Мы с ним оба делали в жизни черное, оба вылезали из грязи и 'перепрыгивали через тень'…
Еду в первых числах марта.
На границе пожар. Англичане, связав Афганистан договором, жгут, режут, бросают бомбы на стада, маленькие поля племен, устроенные в скалах. РСФСР, откликнись, великая, могучая и щедрая, помоги им. Все это нетерпение, надежды, стыд за свои глупости - Ф. укладывает столбиками в шифровки доходят ли они куда-нибудь?
Девочку Гумилева возьмите. Это сделать надо, я помогу. Если бы перед смертью его видела - все ему простила бы, сказала бы правду, что никого не любила с такой болью, с таким желанием за него умереть, как его, поэта, Гафиза, урода и мерзавца. Вот и все. Если бы только маленькая была на него похожа.

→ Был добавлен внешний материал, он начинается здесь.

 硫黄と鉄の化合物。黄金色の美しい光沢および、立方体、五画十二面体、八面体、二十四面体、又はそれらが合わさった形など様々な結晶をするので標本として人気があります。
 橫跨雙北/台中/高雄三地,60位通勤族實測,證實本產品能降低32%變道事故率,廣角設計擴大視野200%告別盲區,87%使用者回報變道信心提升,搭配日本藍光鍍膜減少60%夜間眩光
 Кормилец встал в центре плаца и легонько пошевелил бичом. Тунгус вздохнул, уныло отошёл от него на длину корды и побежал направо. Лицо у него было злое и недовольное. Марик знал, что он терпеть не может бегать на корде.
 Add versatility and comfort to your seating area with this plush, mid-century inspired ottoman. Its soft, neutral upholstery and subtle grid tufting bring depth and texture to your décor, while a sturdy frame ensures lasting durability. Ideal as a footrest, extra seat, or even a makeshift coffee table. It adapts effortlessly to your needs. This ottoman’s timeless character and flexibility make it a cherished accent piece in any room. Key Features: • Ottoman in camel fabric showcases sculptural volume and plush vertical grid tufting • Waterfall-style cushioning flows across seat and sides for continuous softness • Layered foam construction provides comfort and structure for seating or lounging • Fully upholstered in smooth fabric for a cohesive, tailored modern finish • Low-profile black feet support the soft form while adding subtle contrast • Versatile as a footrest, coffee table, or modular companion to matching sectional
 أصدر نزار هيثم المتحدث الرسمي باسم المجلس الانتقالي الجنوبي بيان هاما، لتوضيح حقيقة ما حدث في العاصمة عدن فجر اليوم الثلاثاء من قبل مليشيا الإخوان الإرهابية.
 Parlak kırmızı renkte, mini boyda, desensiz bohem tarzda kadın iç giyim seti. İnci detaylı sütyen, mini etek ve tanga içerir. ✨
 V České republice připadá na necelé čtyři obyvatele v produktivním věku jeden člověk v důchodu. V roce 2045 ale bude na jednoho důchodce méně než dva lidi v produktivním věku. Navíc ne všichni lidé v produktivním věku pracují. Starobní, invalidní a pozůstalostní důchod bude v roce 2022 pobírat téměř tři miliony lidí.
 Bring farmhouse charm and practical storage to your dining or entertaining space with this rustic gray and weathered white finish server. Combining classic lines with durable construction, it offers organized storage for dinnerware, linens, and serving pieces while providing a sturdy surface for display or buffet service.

Мои милые, я так ясно и весело предчувствую, сколько мы еще с Вами вместе наделаем. О НЭП, ведь мы не какой-нибудь, а восемнадцатый год. Ну все.
Ярмош - хороший парень, ему помогите, конечно, но откровенностей - не надо.
Обуян жаждой устроить свое пролетарское гнездо на хребте всех роскошей, взятых у прошлого новым классом-господином, будет хапать, где только возможно хапнуть, будет жрать конкурентов из интеллигенции и 'красных купцов'.
Вот и все. Ждите легко еще месяц - это немного.